- [Work task]: Set down every entry again word for word, please, but skip the pictures.
------ Data supplied
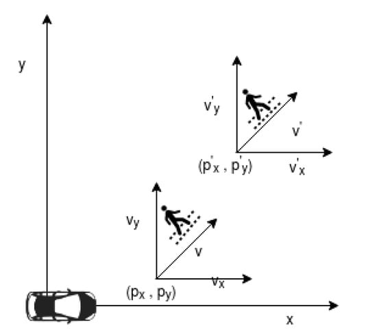 To predict the position of a target, a Kalman filter uses a motion or process model that estimates the future location of the target or object of interest. In this paper, we use a constant velocity motion model as a baseline for target motion estimation. The motion model, as depicted in Figure 4, predicts the position and velocity of the pedestrian at a future time , based on the values at time-step . This position information is provided as a 2D position and velocity vector called the state vector. In the context of this paper, the state vector consists of the predicted position and velocity of the pedestrian represented as
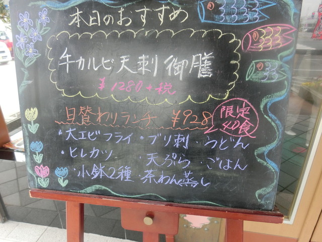 4月27日(金曜)は月に1度の日替わりSPランチです。前の月から27日の空欄に赤色◎を書いている居間に吊るしたカレンダーの当日に突然用事ができてしまい、「今日は行かれんだ~!」にならなくて2人ともハッピーでした。
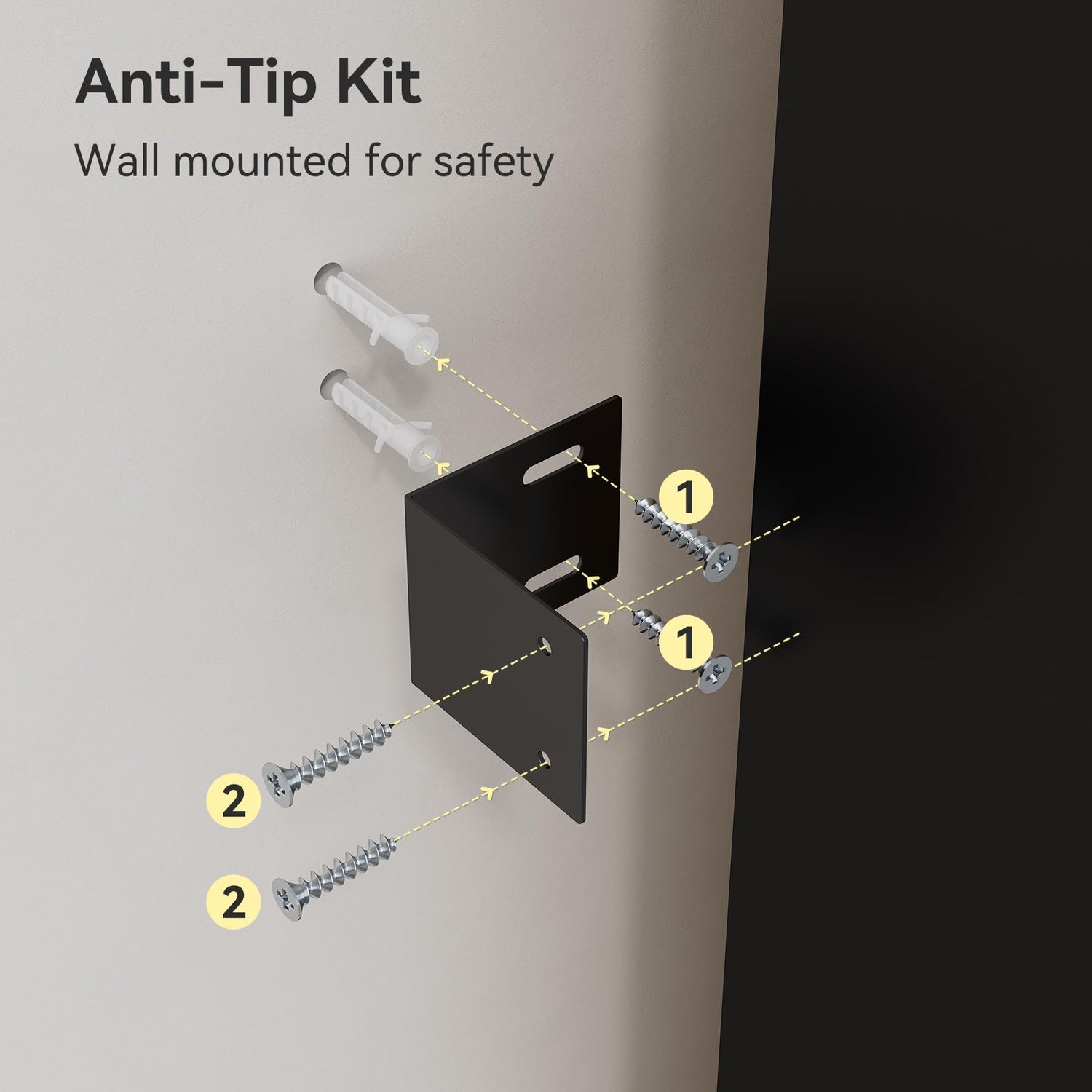 - L-Shaped Anti-Tip Device Included: A sturdy anti-tip device is provided to securely anchor the bookshelf to the wall, ideal for homes with children, pets, or earthquake-prone areas. Enjoy peace of mind with added protection against tipping
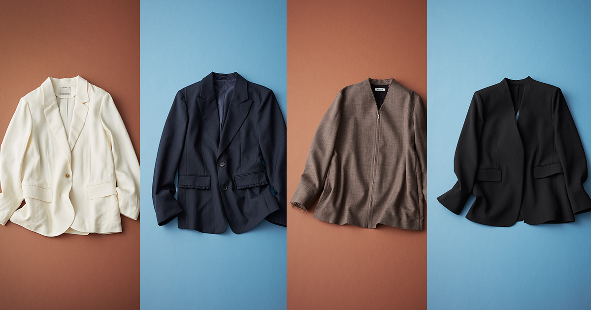 昨年デビューしたばかりながら、フェミニンな上品さと仕立てのよさで、CLASSY.読者からも絶大な支持を得るconte(コンテ)。一日中社内で締切りに追われる日は、あえて華やかに白のテーラードジャケットで気分を上げて。一枚仕立てで着心地も◎です。
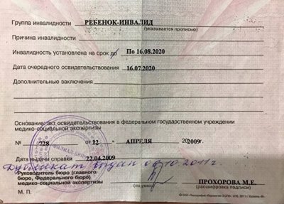 Женщина также предоставила справки, подтверждающие инвалидность сына.
------------
- [Worked solution]:
 To predict the position of a target, a Kalman filter uses a motion or process model that estimates the future location of the target or object of interest. In this paper, we use a constant velocity motion model as a baseline for target motion estimation. The motion model, as depicted in Figure 4, predicts the position and velocity of the pedestrian at a future time , based on the values at time-step . This position information is provided as a 2D position and velocity vector called the state vector. In the context of this paper, the state vector consists of the predicted position and velocity of the pedestrian represented as
 4月27日(金曜)は月に1度の日替わりSPランチです。前の月から27日の空欄に赤色◎を書いている居間に吊るしたカレンダーの当日に突然用事ができてしまい、「今日は行かれんだ~!」にならなくて2人ともハッピーでした。
 - L-Shaped Anti-Tip Device Included: A sturdy anti-tip device is provided to securely anchor the bookshelf to the wall, ideal for homes with children, pets, or earthquake-prone areas. Enjoy peace of mind with added protection against tipping
 昨年デビューしたばかりながら、フェミニンな上品さと仕立てのよさで、CLASSY.読者からも絶大な支持を得るconte(コンテ)。一日中社内で締切りに追われる日は、あえて華やかに白のテーラードジャケットで気分を上げて。一枚仕立てで着心地も◎です。
 Женщина также предоставила справки, подтверждающие инвалидность сына.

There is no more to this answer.